■ GIVEN DATA ■
★ ★ ★

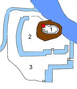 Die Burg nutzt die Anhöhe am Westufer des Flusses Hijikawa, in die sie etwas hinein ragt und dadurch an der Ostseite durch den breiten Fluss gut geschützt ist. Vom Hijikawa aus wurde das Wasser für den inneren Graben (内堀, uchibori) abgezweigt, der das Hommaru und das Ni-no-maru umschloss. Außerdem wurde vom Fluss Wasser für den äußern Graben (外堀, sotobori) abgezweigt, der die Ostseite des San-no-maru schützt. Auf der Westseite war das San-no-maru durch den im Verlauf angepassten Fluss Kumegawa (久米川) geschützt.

★ ★ ★

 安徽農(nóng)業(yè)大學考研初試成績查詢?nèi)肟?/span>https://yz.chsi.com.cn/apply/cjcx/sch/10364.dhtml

★ ★ ★

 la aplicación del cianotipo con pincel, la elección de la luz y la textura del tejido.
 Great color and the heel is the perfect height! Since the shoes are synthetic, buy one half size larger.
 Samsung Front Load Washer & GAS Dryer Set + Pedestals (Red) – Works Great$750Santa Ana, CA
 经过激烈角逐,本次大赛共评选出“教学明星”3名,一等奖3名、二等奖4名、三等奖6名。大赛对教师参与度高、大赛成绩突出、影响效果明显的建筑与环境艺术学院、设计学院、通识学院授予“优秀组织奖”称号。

★ ★ ★

■ WORK TO COMPLETE ■
Your answer should consist solely of the lines above from the line with "la aplicación del" to the line with "经过激烈角逐,本次大赛共评选", both included, reproduced exactly.

■ WRITTEN RESPONSE ■
 la aplicación del cianotipo con pincel, la elección de la luz y la textura del tejido.
 Great color and the heel is the perfect height! Since the shoes are synthetic, buy one half size larger.
 Samsung Front Load Washer & GAS Dryer Set + Pedestals (Red) – Works Great$750Santa Ana, CA
 经过激烈角逐,本次大赛共评选出“教学明星”3名,一等奖3名、二等奖4名、三等奖6名。大赛对教师参与度高、大赛成绩突出、影响效果明显的建筑与环境艺术学院、设计学院、通识学院授予“优秀组织奖”称号。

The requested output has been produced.